Oh that they were inscribed in a book!
24 Oh that with an iron pen and lead
they were engraved in the rock forever!
25 For I know that my Redeemer lives,
and at the last he will stand upon the earth.
26 And after my skin has been thus destroyed,
yet in my flesh I shall see God,
27 whom I shall see for myself,
and my eyes shall behold, and not another.
My heart faints within me!
1. Job is saying regardless of what you think of me, regardless of how I struggle for answers, I desire that my bedrock belief be etched in stone for all to know.
2. I know (Job declares)
a) I know that my Redeemer lives.
i) From just after the fall a promise was made of a Redeemer to come.
ii) That Redeemer is my redeemer - he is trusting in his Redeemer.
iii) My redeemer lives.
Has lived
Is living
Will always live
b) I know that my Redeemer will redeem me.
c) I know that at the last He will stand upon the earth.
i) Nothing will keep Him from living.
ii) He will be victorious
d) After I have died and decayed, in my flesh, I shall see God.
i) I will live again.
ii) This body itself will live again. (No matter what happens to it now or as it lies in the earth until then.)
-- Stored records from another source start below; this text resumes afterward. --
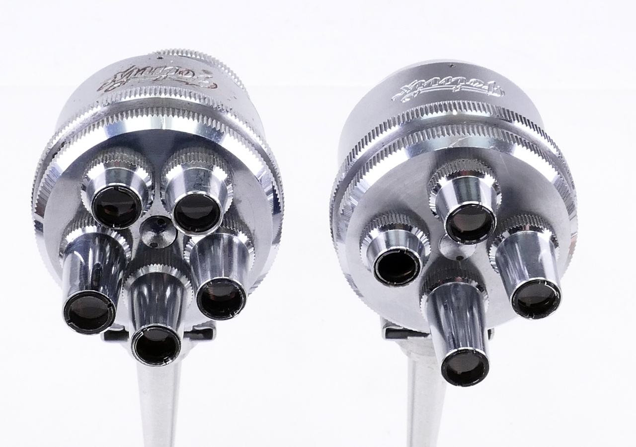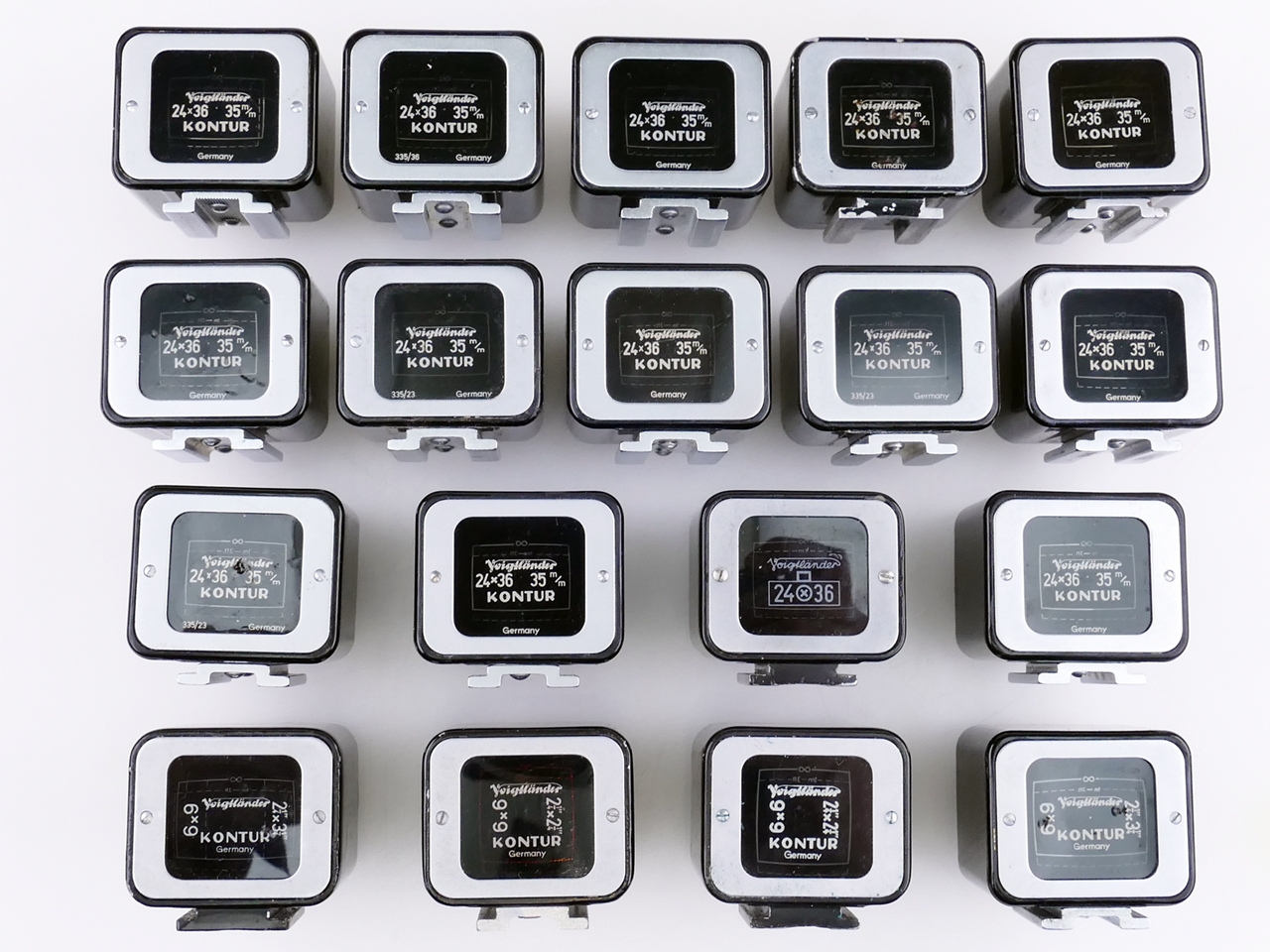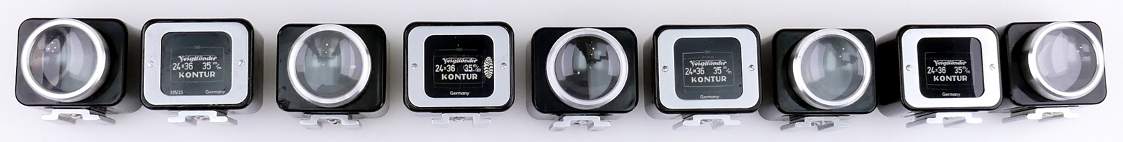 ![]() Verschiedene Ausführungen für 24x36mm, 6x6cm, 6x9cm. Genieteten oder gegossenen Fuß. Sondermodell rotes Glas. 3 Turnit Sucher für 35mm und 100mm. Das 1. Modell war aus Kunststoff. Turnit 3 hat noch eine Maske für 50mm. Ein Modell mit Schiebemaske und der schöne kleine Sucher haben es leider nicht zur Serienreife geschafft. Winkelsucher - wird bei Voigtländer Winkelfernrohr genannt. Schwenkbar, für mehrere Kameramodelle. Kodak Kodak Sucher mit seitlich versetztem Fuß für die Retina Kameras. Drei Modelle vom Sportsucher. Winkelsucher und Dualsucher, umschaltbar auf 35mm und 80mm für Retina Kameras. Zeiss Zeiss Ikon Leuchtrahmen - Sucher 624. Rahmenlinien für 30mm, 45mm und 75mm Objektive. Brillantsucher Winkelfernrohre für Contarex und Contaflex. Aufstecksucher Movigonar und Movitelar für Filmkameras. Universal-Revolversucher 440 für Contax mit 5 Brennweiten von 25mm bis 135mm. Zusatz- Klappsucher 437/2 für Kameras Ikonta und Nettar. Sucher um 90° schwenkbar für Querformat. Diverse Sucher Einfache Sucher sind für eine Brennweite bestimmt. Durch Anbringen einer Maske können die Sucher für eine oder zwei weitere Brennweiten benutzt werden. Aufwändigere Modelle decken bis zu 6 verschiedene Brennweiten ab. Altissa Aufstecksucher für Altix - Kameras Universell verwendbarer Sucher, für 35mm, mit Masken für 50mm und 90mm Brennweite. Einfacher Leuchtrahmensucher Tele - Weitwinkel aus Japan. Kunststoff - Sucher 135mm von Steinheil München. Russische Aufstecksucher 35mm und 90mm und Fernrohr - Sucher 100mm von Canon. Robot Aufstecksucher und 6x6cm Sucher von WATA Braunschweig Zwei Sucher von Braun. Hier wird nur eine Maske verändert. Der TEWE hat einen echten Zoom von 35 - 200mm. Großer Fernrohrsucher für KB - Format von MEOPTA. Nahbereich bis 33cm. Sucher mit drei Optiken für 35mm, 90mm und 135mm von Steinheil München. Foinix Universalsucher für 4 oder 5 Brennweiten. Selten die Okular-Verstellung von +- 2 Dioptrien. Russische Kopie des Universalsuchers von Carl Zeiss Jena. 35 - 50 -100 mm und feet - Skala besitzt der argus Universalsucher aus Liechtenstein. Linhof Die Königsklasse - Linhof Universalsucher für das Format 9 x 12 cm
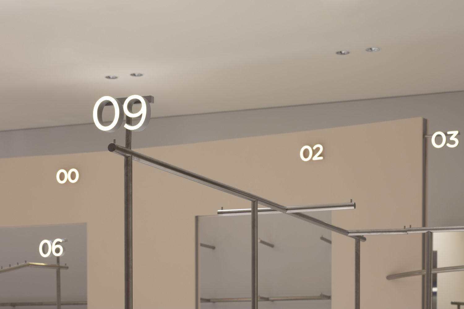 The choice of a neutral beige color, representing a broad spectrum of skin tones, creates a harmonious, borderless aesthetic. The space is thoughtfully divided: the front wall features product displays, while the back area houses functional zones such as the counter, fitting rooms, and innerwear section. Curved hangers that extend seamlessly from the walls provide an effortless way to categorize and display products. Number-shaped light installations guide customers' attention, making it easy to find items on both walls and hangers. We aim to create a space where everyone feels free to express their individuality, celebrate the beauty of diversity, and gain confidence in their unique identity.
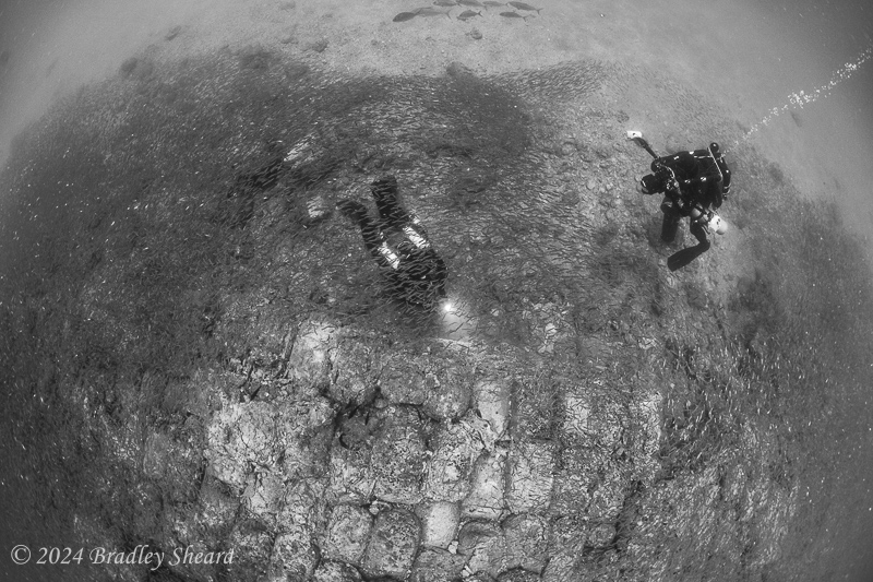 | The FW Abrams was a "friendly-fire" casualty of the same global war as many of the wrecks we dive off Hatteras, as she had a fatal encounter with an Allied minefield. Today she is largley flattened and increasingly buried beneath the shifting sands. The highest part are her three boilers (top), and the remains of her steam engine. The engine was engulfed in a mesmerizing cloud of swarming anchovies that were in constant movement as they surged over and around the engine like a giant bird murmuration (bottom row). |
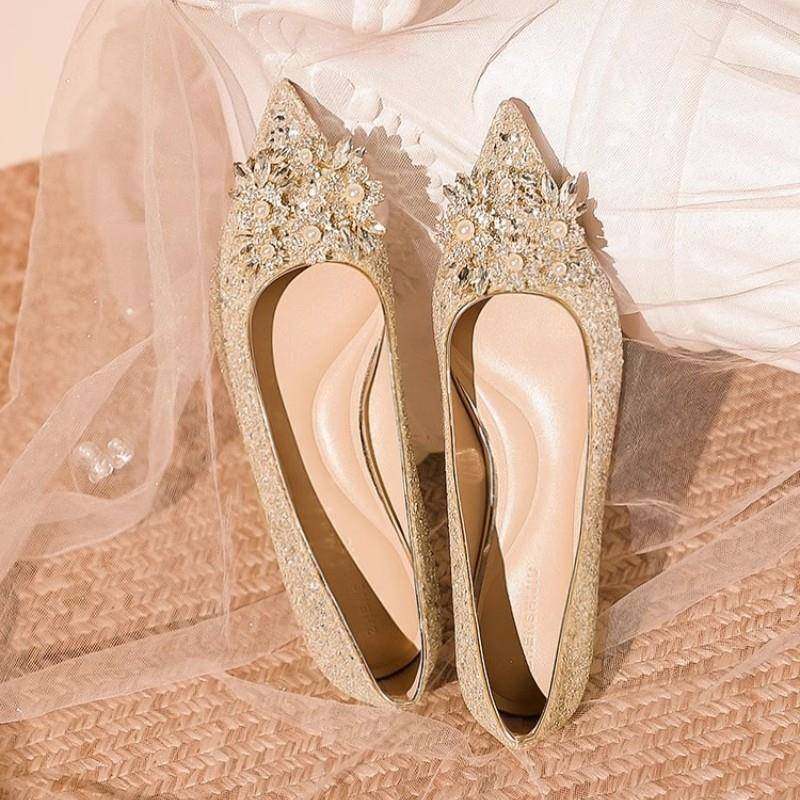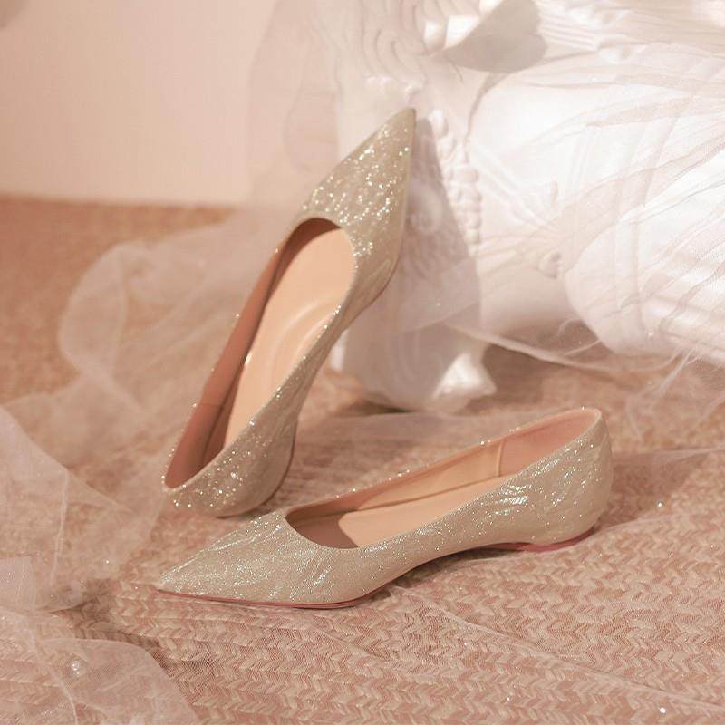 香港亮片平底单鞋女2025年春秋新款孕妇婚鞋婚纱低跟新娘鞋水晶鞋

iii) My redeemer will provide a way for me to see God with my own eyes.
E. Job ends this response with a warning
1. He is able to persevere and respond to his accusers because of his hope in his Redeemer.
2. If you continue:
a) to pursue me.
b) To assume that I suffer based on some sin I must have.
3. Then be afraid of the sword
a) For wrath brings the punishment of the sword
b) So that you know there is judgment (based of their continued pursuit of an innocent man.
4. Job so believed that he was not suffering for some unrepentant sin that he had committed but he warned that if they don’t quit pursuing this argument God would bring His wrath upon them.
After Job had made this confession, his suffering didn’t all of a sudden disappear. We are only half way through the “discussions” Job had with his friends. His situation didn’t change but it looks like Job changed. He still wants to talk with God about his suffering but his tone changes. He still does not understand but he has hope. He gained that hope by stating the truth to himself and his friends. Because of my Redeemer and His work, I will live again in His presence. I will see God with my own eyes.
Like Asaph in Psalm 73 his perspective changed when he was able to get the truth before his spiritual eye.
We know from the garden prayer that Jesus dreaded the cross, but He endured the cross for the Joy that was set before Him. The writer of the Book of Hebrews exhorts us to take the same path as Job, Asaph and especially Christ.
1 Therefore, since we are surrounded by so great a cloud of witnesses, let us also lay aside every weight, and sin which clings so closely, and let us run with endurance the race that is set before us, 2 looking to Jesus, the founder and perfecter of our faith, who for the joy that was set before him endured the cross, despising the shame, and is seated at the right hand of the throne of God.
In what ever we endure, let us continually be looking to Jesus our Redeemer. He endured the cross to provide a way that we might stand before Him in the very bodies we have and see our Redeemer with our own eyes as He endures in victory for all eternity.
Hymn: 94 How Firm A Foundation
Benediction: Romans 15:13 “13 May the God of hope fill you with all joy and peace in believing, so that by the power of the Holy Spirit you may abound in hope.”